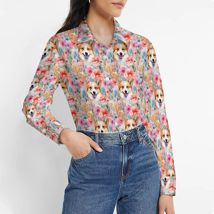 Wrap yourself in the colors of nature and the charm of your favorite canine with our Floral Fantasy Corgis Women's Shirt.
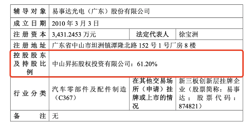 近日,易事达光电(广东)股份有限公司(以下简称“易事达”)启动IPO辅导,拟登陆北交所。
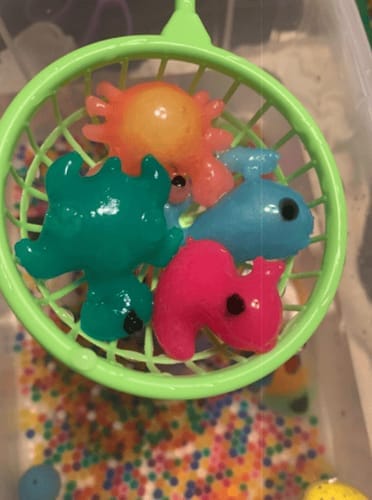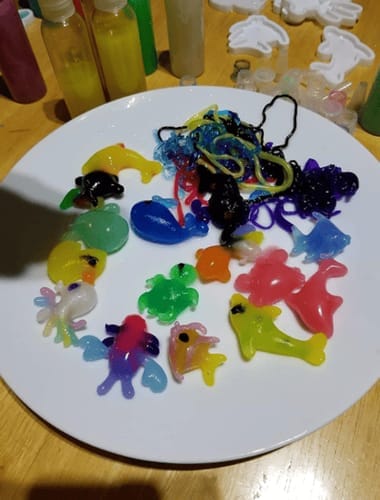 Acest kit este foarte bine făcut. Îmi place că are propriul recipient de depozitare. Ne-am jucat ore în șir. Bunul simț îți spune că, dacă vrei ca culorile să dureze, nu supraîncărca matrițele de fiecare dată. Încă nu am rămas fără nicio culoare! Lăsăm squishie-urile în soluție peste noapte pentru a ne asigura că interiorul se gelifică corespunzător. Este nevoie de o perioadă de timp pentru a se putea strânge împreună și a se juca cu ele, ceea ce poate fi dificil de explicat copiilor mai mici. Ouăle de dinozaur și mărgelele de apă sunt un bonus suplimentar. Foarte recomandat! Distracție pentru toate vârstele.
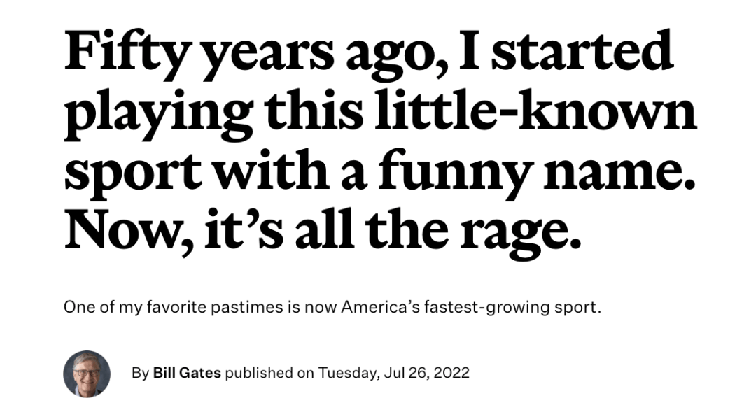 去年Taylor Swift的一条生活视频里打匹克球的镜头一闪而过,但被无数人捕捉到。比尔盖茨说他已经打匹克球超过50年——他这么说完全没错,匹克球本是一项诞生于普通美国人庭院中的游戏,融合了网球、羽毛球、乒乓球的特点,简单易上手,早期就是老人小孩在玩,被叫成“老头乐”。
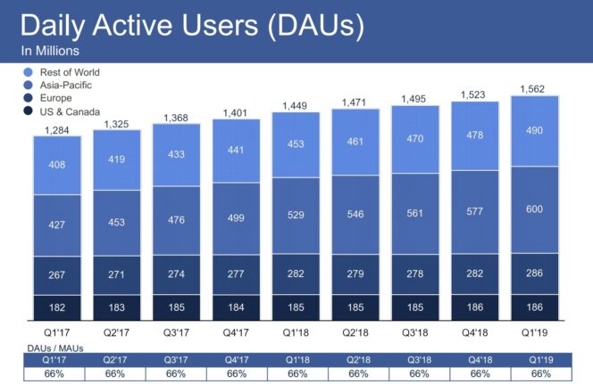 Du côté des utilisateurs, le nombre d’actifs tous les mois sur le réseau social a atteint 2,375 milliards de personnes ; dont 1,56 milliard d’utilisateurs actifs chaque jour (DAU).
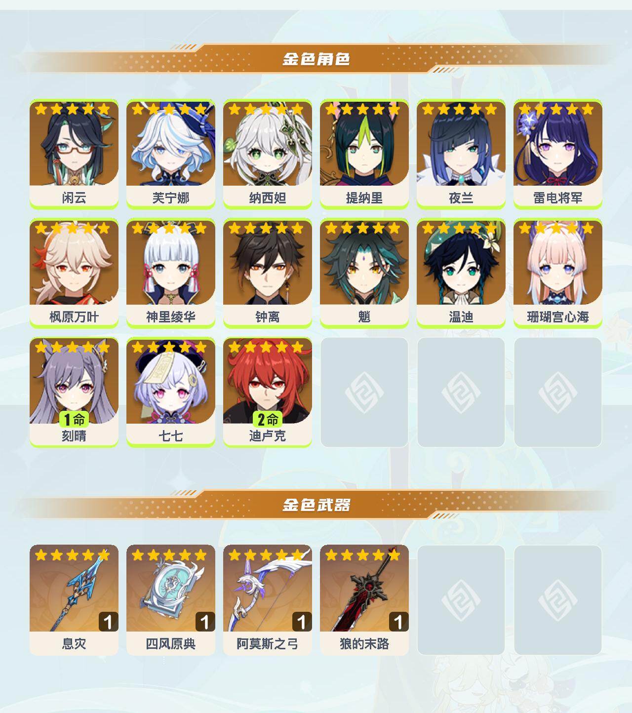 【YSN2240】57级/22黄/女主/15个五星角色/4个五星武器/芙宁娜/枫原万叶/2命迪卢克/钟离/神里绫华/魈/温迪/雷电将军/纳西妲/夜兰/珊瑚宫心海/闲云/1命刻晴/提纳里/七七/狼的末路/息灾/阿莫斯之弓/四风原典
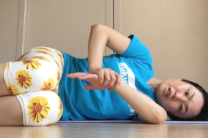 このエクササイズは、術前や術後可動域がある程度戻った後なら、動画に合わせてやってみてください。
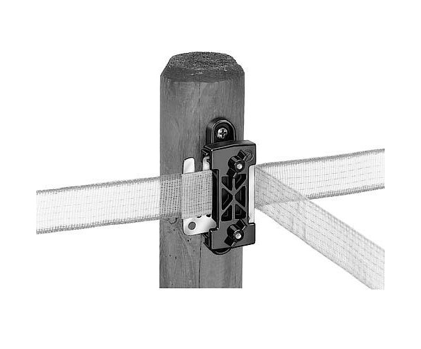 Konstrukce izolátoru pro pásky do 40 mm zcela vylučuje vyklouznutí pásky z izolátoru. V kombinaci s kovovými šrouby 8 mm jde o velmi robustní izolátor pro profesionální použití. Lze jej doplnit kovovou vložkou, která není součástí balení.
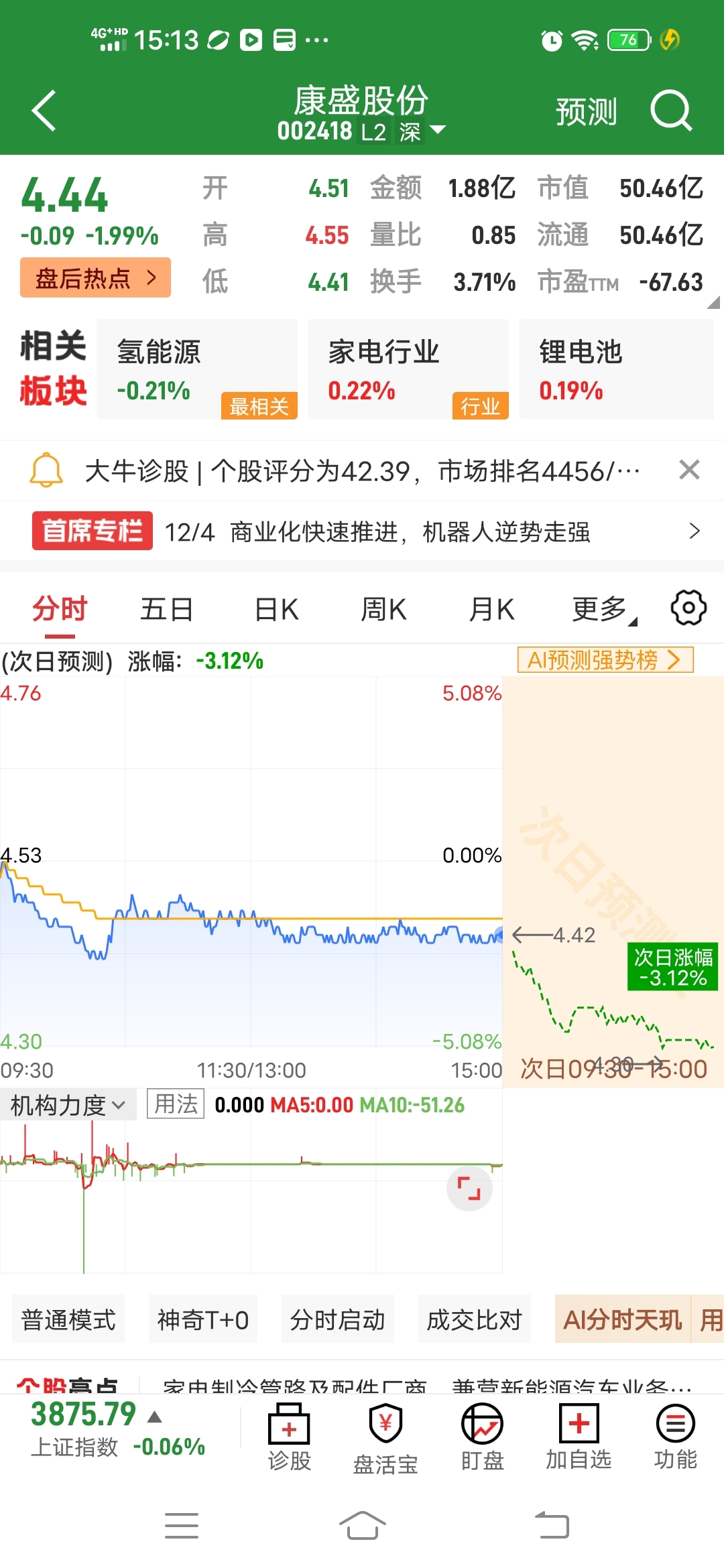 $康盛股份(SZ002418)$ 明天预测到4.3了,,,就快到4.2了
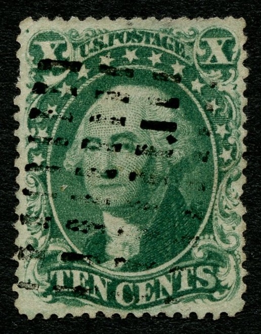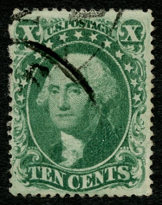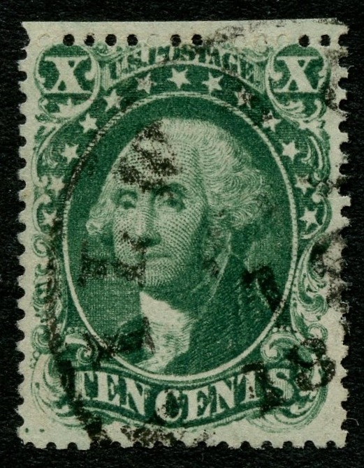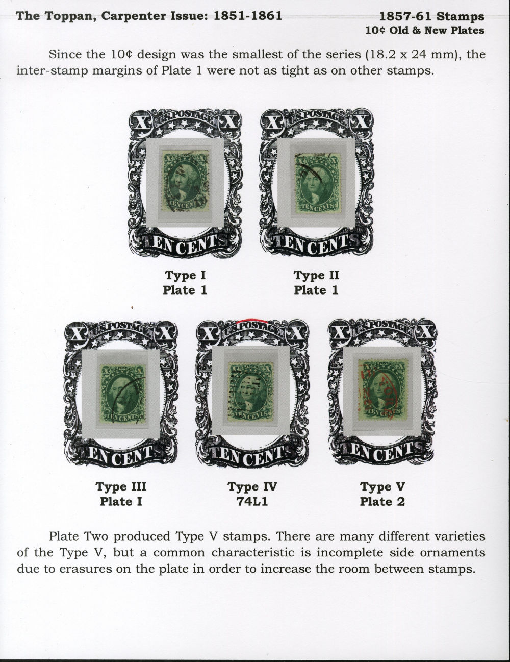 (31/35) 1857-61 10¢ green Washington Type I, II, III, IV & V used representing a complete set of the 1857-61 Issue perforated types mounted on an exhibit page. The Type I, II & III are each used by a partial black cds cancel, the Type IV with black grid cancel and the Type V with a sharp red partial New York cds. A small pulled perf at right of the Type IV is noted, otherwise a fine-v.f. group. Cat. value $3,892.50.
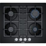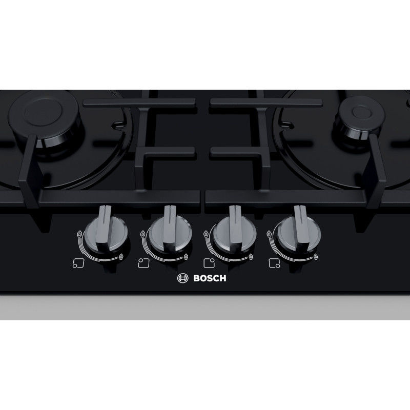 Bosch plinska ploča za kuhanje. Broj plinskih plamenika: 4 (1 snažni, 2 obična, 1 štedljivi plamenik). Širina: 60 cm, crna. Plinska ploča za kuhanje od kaljenog stakla: nudi vam profinjen izgled i jednostavno čišćenje. Ergonomski gumbi: za ergonomsko upravljanje.
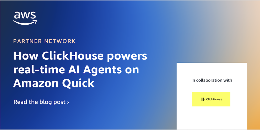 Real-time AI agents are transforming how businesses make decisions—but only when they can access analytical data at conversational speed. This post shows you how to integrate ClickHouse Cloud with Amazon Quick using Model Context Protocol (MCP), delivering sub-second query responses across billions of data points. Learn how to empower your teams with natural language access to live operational data, enabling instant insights and actions without writing a single line of SQL.
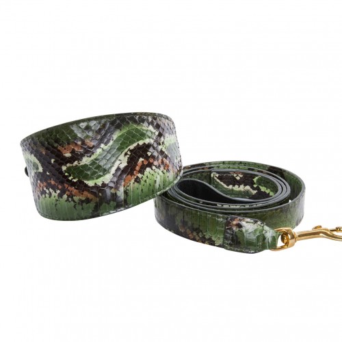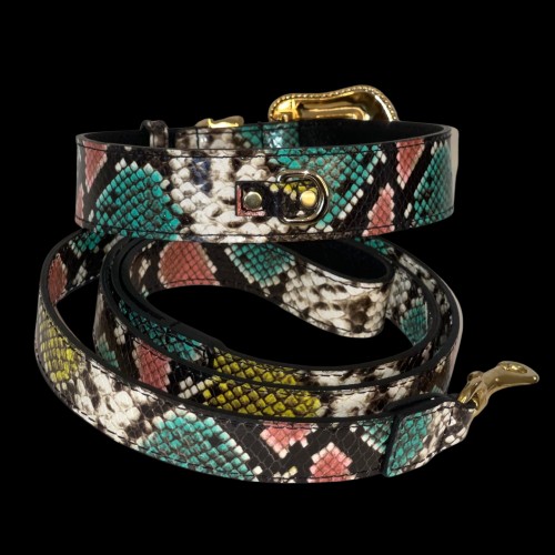 Multi-Color Embossed Snake Italian Leather, 3 Wide Style Collar & Leash Set
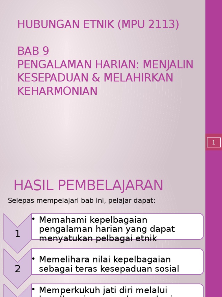 Hubungan Etnik Mpu 2113 Bab 9 Pengalaman Harian Menjalin Kesepaduan Melahirkan Keharmonian
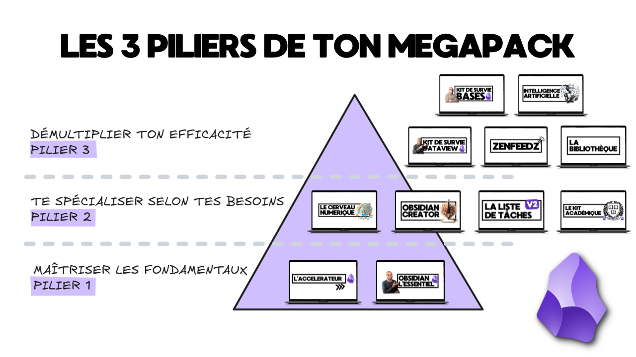 Soyons clairs : Le Megapack, c'est l'encyclopédie complète pour maîtriser Obsidian. Si tu veux juste une petite introduction, ce n'est pas le bon produit pour toi.
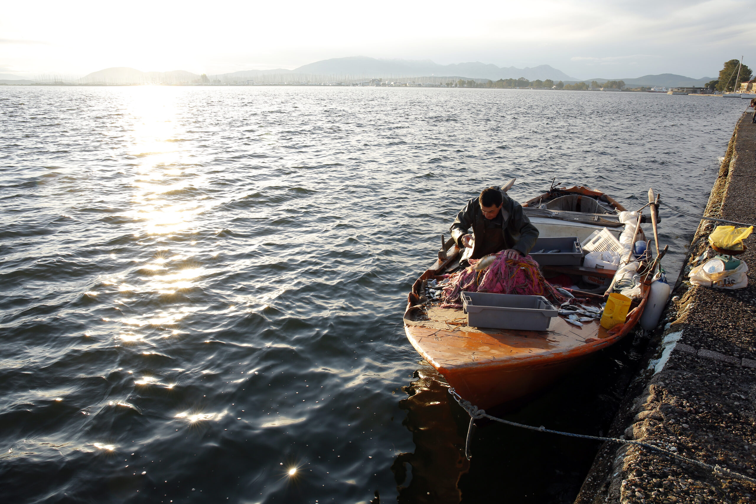 Ιδιοκτήτες εστιατορίων, απλοί πολίτες αλλά και υποψιασμένοι επισκέπτες, βρίσκονται εδώ, σε αυτήν τη, σχεδόν τελετουργική, καθημερινή διαδικασία. Γνωρίζονται με τα μικρά τους ονόματα, τα πειράγματα δίνουν και παίρνουν, τα αλιεύματα εμφανίζονται σε πλαστικές λεκάνες προσαρμοσμένες στο πλάι των καϊκιών. Αυστηρά. Η διάσημη σαρδέλα Αμβρακικού έχει την τιμητική της, οι αλιείς την ετοιμάζουν προς πώληση ευλαβικά, με σεβασμό.
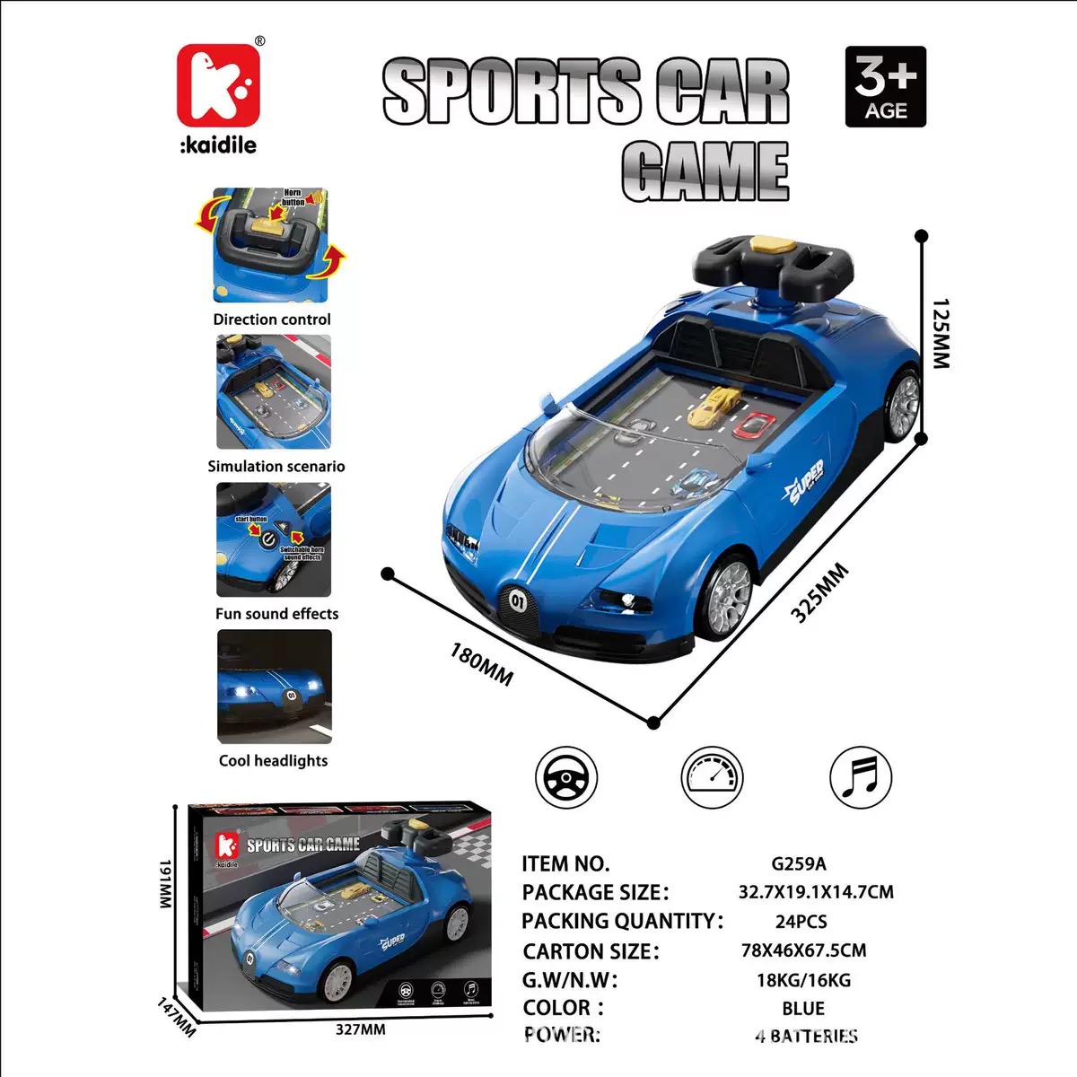 Mô phỏng kiểu dáng siêu xe Bugatti mạnh mẽ với các chi tiết đèn pha và đường nét khí động học tinh xảo.
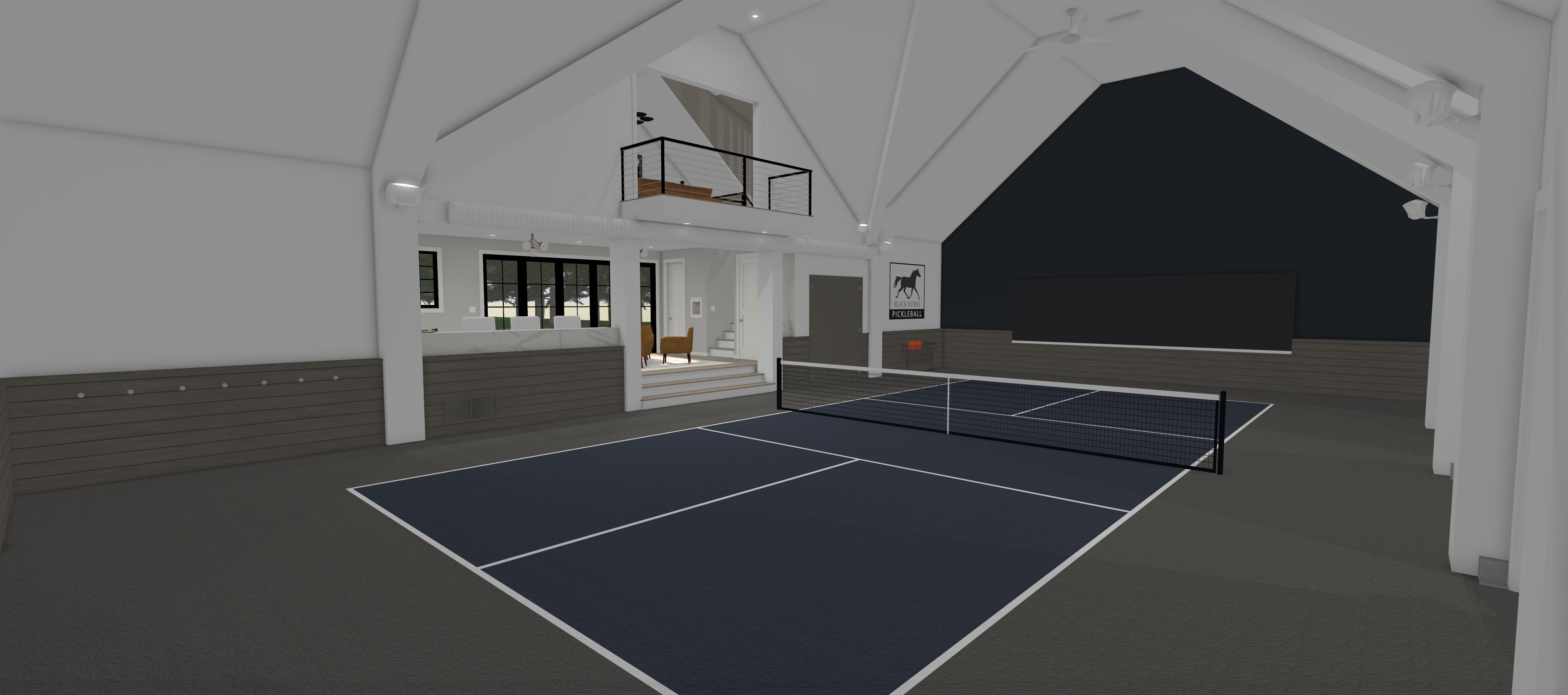 show a realistic rendering of this court with deep dark navy court and rear wall

※ ※ ※

Word for word and without pictures, restate only the lines running from the one that contains "Mô phỏng kiểu" through the last line of the listing above.

 Mô phỏng kiểu dáng siêu xe Bugatti mạnh mẽ với các chi tiết đèn pha và đường nét khí động học tinh xảo.
 show a realistic rendering of this court with deep dark navy court and rear wall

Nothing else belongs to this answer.